Um, you mean the 300 GB limit configured. 307,200,000 KB to be precise.
cachemgr.cgi says we are using way less:
Store Directory Statistics:
Store Entries : 5698
Maximum Swap Size : 307200000 KB
Current Store Swap Size: 275852960 KB
Current Capacity : 90% used, 10% free
Store Directory Statistics:
Store Entries : 5479
Maximum Swap Size : 307200000 KB
Current Store Swap Size: 260064224 KB
Current Capacity : 85% used, 15% free
Store Directory Statistics:
Store Entries : 13510
Maximum Swap Size : 307200000 KB
Current Store Swap Size: 276444512 KB
Current Capacity : 90% used, 10% free
Which indicates that something other than Squid data cache is going into
those disks. OR, the unlinkd eraser process is not working.

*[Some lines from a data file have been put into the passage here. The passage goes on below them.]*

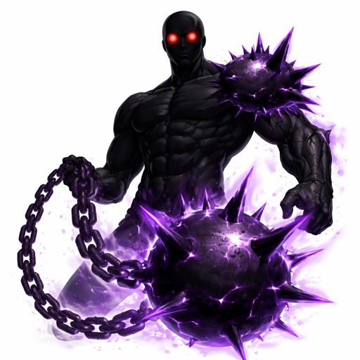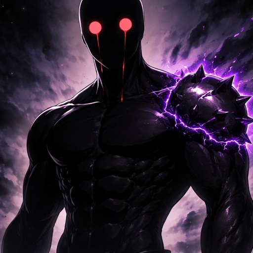 Buff, guy, pure black like the void,pure red circle eyes with no mouth or ears or nose, he has a line that droops from h...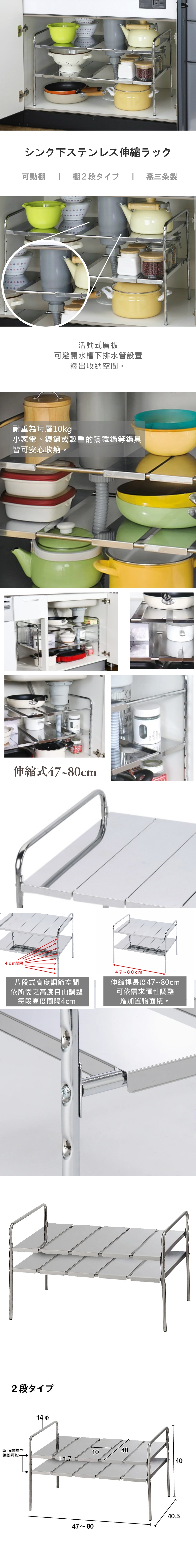 可配合家中水槽下空間調整使用,可將鍋具、平底鍋或調理用過濾網等廚房用品完整收納的伸縮式收納架。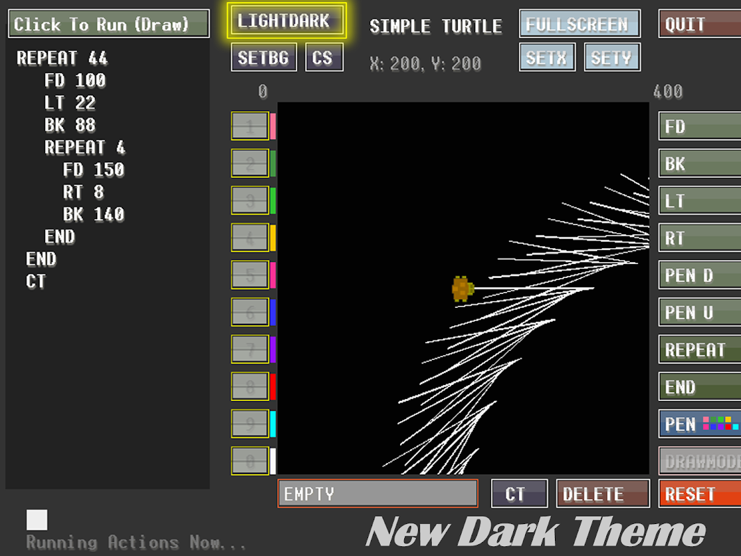 New: Brackets mode [ ], PE Penerase, Hide / Show Turtle, Longform command support if users wish to use longer command names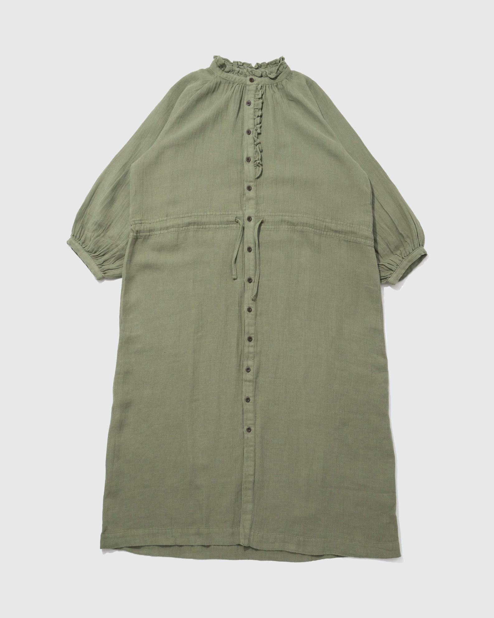 襟と前縦にミニフリルが施されてた女性らしいデザインのワンピースです。着やすさを考慮し適度にゆとりを与えたベーシックなシルエットです。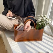 トートバッグ スクエアバッグ バッグ レディース 無地 カジュアルスタイル 高級感 大人 ハンドバッグ ポーチ付き レザー調 フェイクレザー カラバリ 4色 定番カラー オフィス 大容量 きれいめ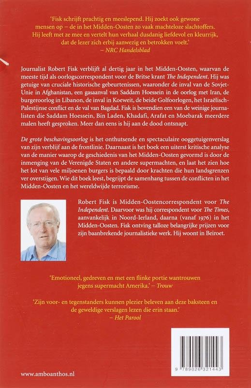 Journalist Robert Fisk verblijft al dertig jaar in het Midden-Oosten, waarvan de meeste tijd als oorlogscorrespondent voor de Britse krant The Independent. Hij was getuige van cruciale historische momenten, waaronder de inval van de Sovjet-Unie in Afghanistan, een gasaanval van Saddam Hoessein in de oorlog met Iran, de burgeroorlog in Libanon, de inval in Koeweit, de beide Golfoorlogen, het Isra?lisch-Palestijnse conflict en de val van Bagdad. Fisk is bovendien een van de weinige journalisten die Saddam Hoessein, Osama Bin Laden, Khadafi, Arafat en Moebarak meerdere malen heeft gesproken. Meer dan eens is hij aan de dood ontsnapt.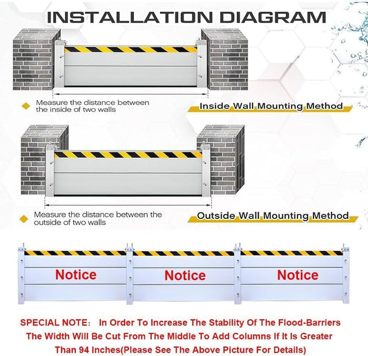 Reusable Heavy Duty Aluminum Flood Barriers for Home Exterior, Flood Protection Barriers Water Barrier Door Quick Detachable Garage Doors Detachable Mobile Rain Water Baffle ( H 31.5 inch L 8FT)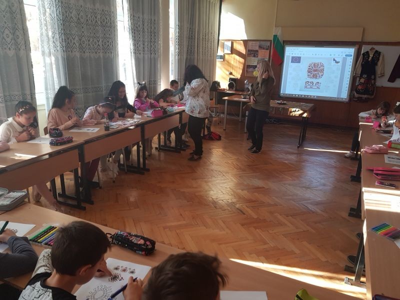 Очаровани и вдъхновени от красотата на българските шевици, четвъртокласниците превърнаха залата в творческа работилница. Те се запознаха с любопитни факти за българските народни носии и шевици и за българския фолклор. Имаха възможност да оцветяват или да довършват моделите, като измислят свои елементи и оцветяват по свой избор. Българската шевица е изключително разнообразна по отношение на елементи и тя отразява душевността, красотата и изяществото на българката.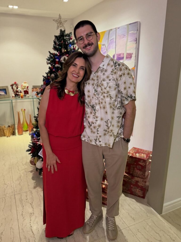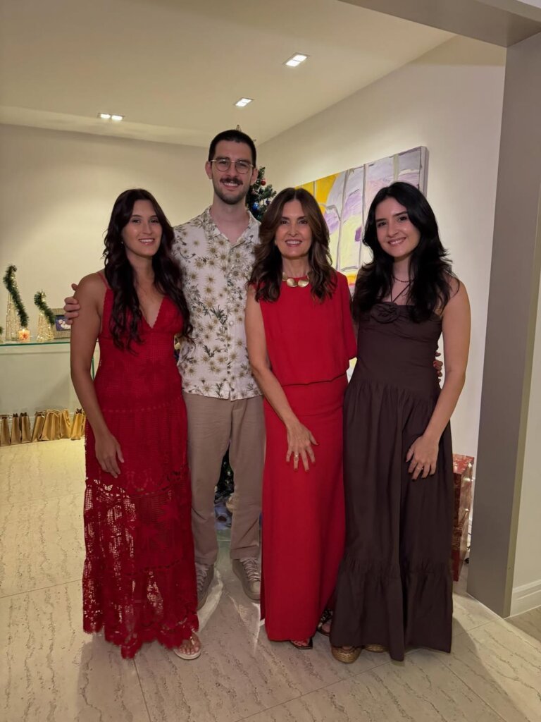 Fátima Bernardes celebrou o Natal em clima de afeto e união ao lado dos filhos trigêmeos, Vinícius, Laura e Beatriz, de 28 anos, e do namorado, o deputado federal pernambucano Túlio Gadêlha. A jornalista compartilhou nas redes sociais registros da ceia, marcados por sorrisos e momentos em família.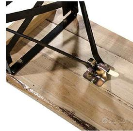 Il set, composto da 1 tavolo e 2 panche in legno, possiede una struttura in ferro verniciato particolarmente resistente.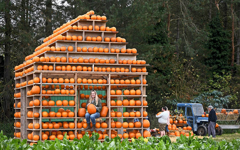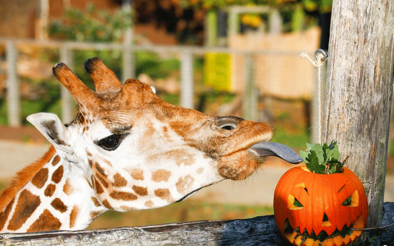 یک زرافه در حال خوردن کدو تنبل در لندن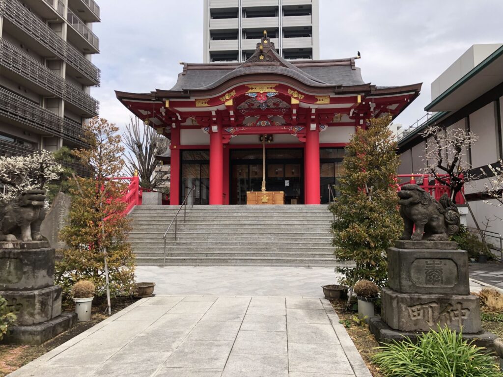 御社殿 平安時代より菅原道真公をお祀りし、徳川三代将軍家光公の頃に御社殿を造営。戦災で焼失したのち再建され、平成26年に現在の御社殿が造営されました。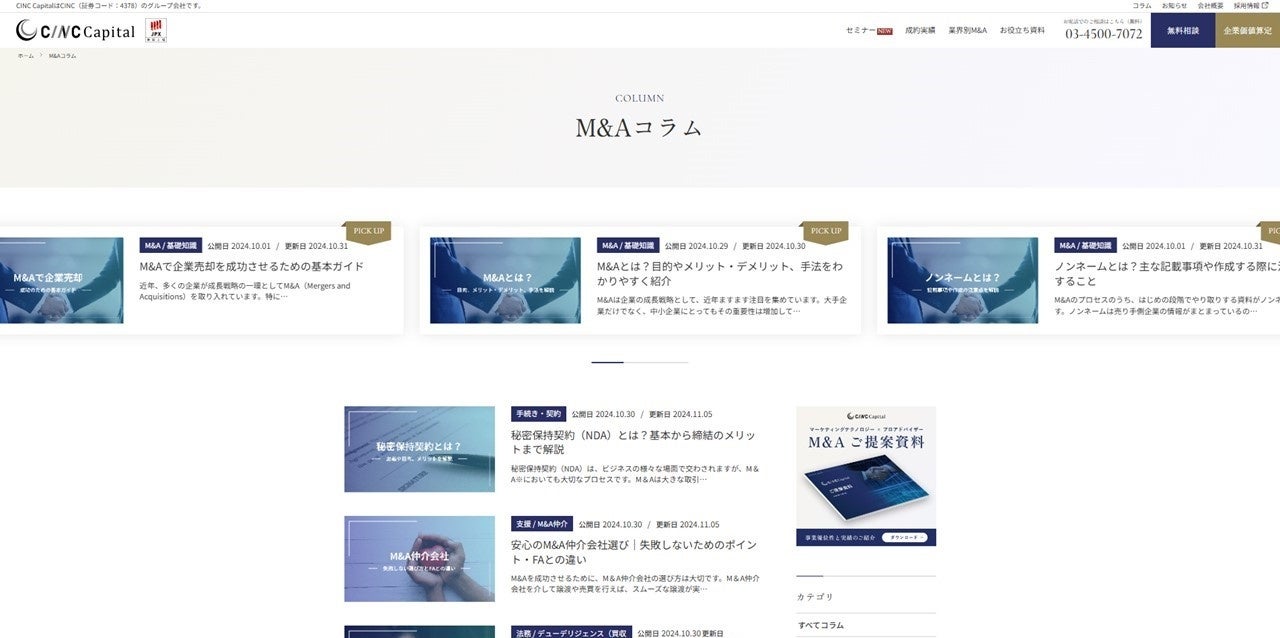 株式会社CINC(本社:東京都港区、代表取締役:石松友典、以下CINC)の子会社である株式会社CINC Capital(所在地:東京都港区、取締役 執行役員社長:阿部泰士、以下CINC Capital)が、M&Aに関する情報を総合的に発信する新メディア(https://cinc-capital.co.jp/column/)を開始したことをお知らせします。

We're storing large files, some can be several GB in size.
Here's the config:
http_port 80 defaultsite=foo-squid
http_port 8081 defaultsite=foo-squid
icp_port 3130
cache_peer foo-download parent 80 0 no-query originserver
name=foodownload weight=1
cache_peer foo-download1 parent 80 0 no-query originserver
name=foodownload1 round-robin weight=10 connect-fail-limit=1
cache_peer foo-download2 parent 80 0 no-query originserver
name=foodownload2 round-robin weight=10 connect-fail-limit=1
cache_peer foo-download3 parent 80 0 no-query originserver
name=foodownload3 round-robin weight=10 connect-fail-limit=1
cache_peer foo-maven-repo parent 8081 0 no-query originserver
name=foomavenrepo login=PASS
cache_peer foo-squid1 sibling 80 3130 proxy-only name=foosquid1
cache_peer foo-squid2 sibling 80 3130 proxy-only name=foosquid2
cache_peer foo-squid3 sibling 80 3130 proxy-only name=foosquid3
cache_peer foo-squid4 sibling 80 3130 proxy-only name=foosquid4
http_access allow all
acl mavenpath urlpath_regex ^/artifactory
acl mavenpath urlpath_regex ^/nexus
acl mavenport myport 8081
cache_peer_access foodownload deny mavenpath
cache_peer_access foodownload deny mavenport
cache_peer_access foodownload1 deny mavenpath
cache_peer_access foodownload1 deny mavenport
cache_peer_access foodownload2 deny mavenpath
cache_peer_access foodownload2 deny mavenport
cache_peer_access foodownload3 deny mavenpath
cache_peer_access foodownload3 deny mavenport
cache_peer_access foomavenrepo allow mavenpath
cache_peer_access foomavenrepo allow mavenport
cache_peer_access foomavenrepo deny all
cache_replacement_policy heap LFUDA
cache_dir aufs /squid/cache 300000 64 256
cache_replacement_policy heap GDSF
cache_mem 2 GB
cache_effective_user squid
cache_effective_group squid
cache_mgr alert@foo
acl QUERY urlpath_regex /components/\?
cache deny QUERY
maximum_object_size 32 GB
maximum_object_size_in_memory 8 MB
quick_abort_min 0 KB
quick_abort_max 0 KB
cache_swap_low 90
cache_swap_high 95
If you cache very large files, you may need to change
cache_swap_low 88
cache_swap_high 89
to force the cleanup process to be more aggressive with
removing the oldest cached files
Marcus
redirect_rewrites_host_header off
buffered_logs on
log_icp_queries off
access_log /var/log/squid/access.log
cache_log none
You may want to locate and remove the "none" files created by the above
logging. If they are in /squid/cache that is likely your problem.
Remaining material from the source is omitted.